## ABOUT THIS TASK
Among the entries below, the lines from the one with "今日は、畑の肉と呼ばれる「大" up to and including the one with "Aborting shoots is" are to be restated exactly, without pictures.

## DATASET EXCERPTS

*** Block opens ***

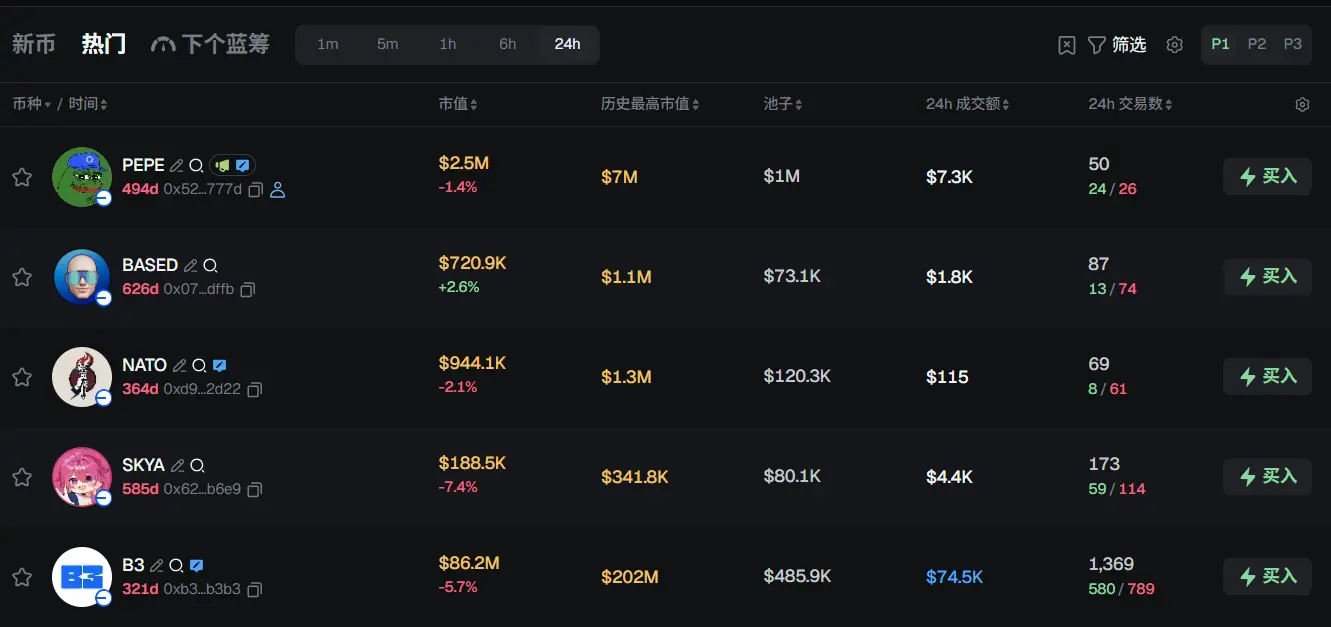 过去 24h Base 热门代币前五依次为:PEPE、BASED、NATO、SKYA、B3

*** Block closes ***
*** Block opens ***

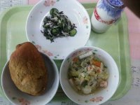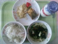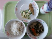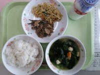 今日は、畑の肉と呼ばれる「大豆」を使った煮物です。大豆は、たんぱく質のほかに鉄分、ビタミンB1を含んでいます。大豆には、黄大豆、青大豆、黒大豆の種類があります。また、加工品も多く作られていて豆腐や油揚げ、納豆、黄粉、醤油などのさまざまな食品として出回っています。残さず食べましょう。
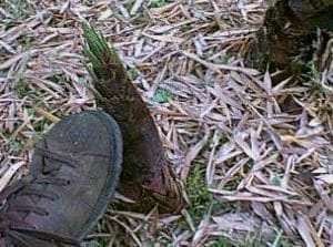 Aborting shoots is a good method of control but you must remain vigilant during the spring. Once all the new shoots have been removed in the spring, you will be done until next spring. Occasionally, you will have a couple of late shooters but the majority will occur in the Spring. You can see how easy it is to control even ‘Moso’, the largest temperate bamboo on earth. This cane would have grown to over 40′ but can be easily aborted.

*** Block closes ***
*** Block opens ***

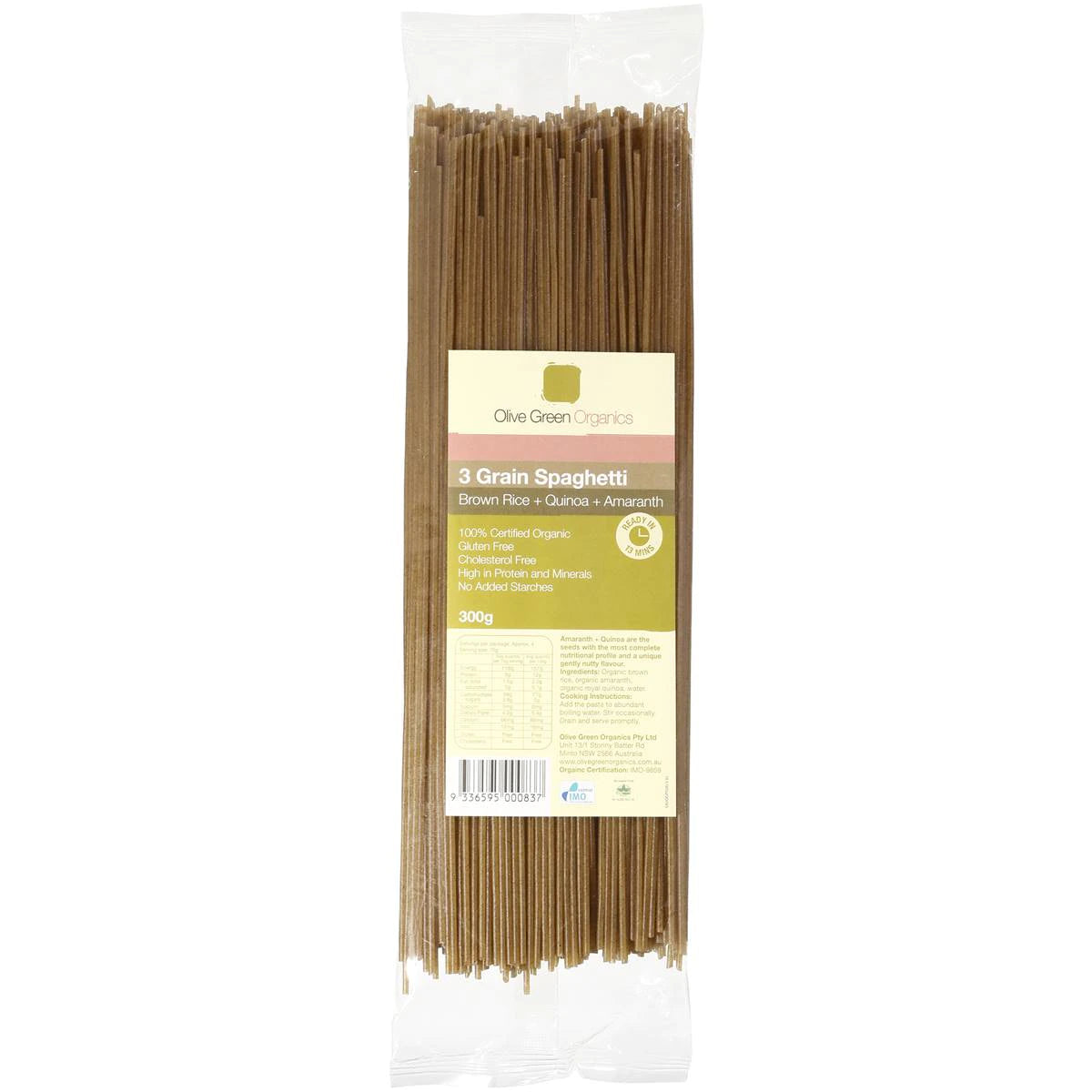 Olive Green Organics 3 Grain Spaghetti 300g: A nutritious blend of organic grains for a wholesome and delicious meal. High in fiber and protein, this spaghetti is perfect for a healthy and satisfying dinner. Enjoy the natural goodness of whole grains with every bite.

*** Block closes ***

## OUTPUT FOR THIS TASK
 今日は、畑の肉と呼ばれる「大豆」を使った煮物です。大豆は、たんぱく質のほかに鉄分、ビタミンB1を含んでいます。大豆には、黄大豆、青大豆、黒大豆の種類があります。また、加工品も多く作られていて豆腐や油揚げ、納豆、黄粉、醤油などのさまざまな食品として出回っています。残さず食べましょう。
 Aborting shoots is a good method of control but you must remain vigilant during the spring. Once all the new shoots have been removed in the spring, you will be done until next spring. Occasionally, you will have a couple of late shooters but the majority will occur in the Spring. You can see how easy it is to control even ‘Moso’, the largest temperate bamboo on earth. This cane would have grown to over 40′ but can be easily aborted.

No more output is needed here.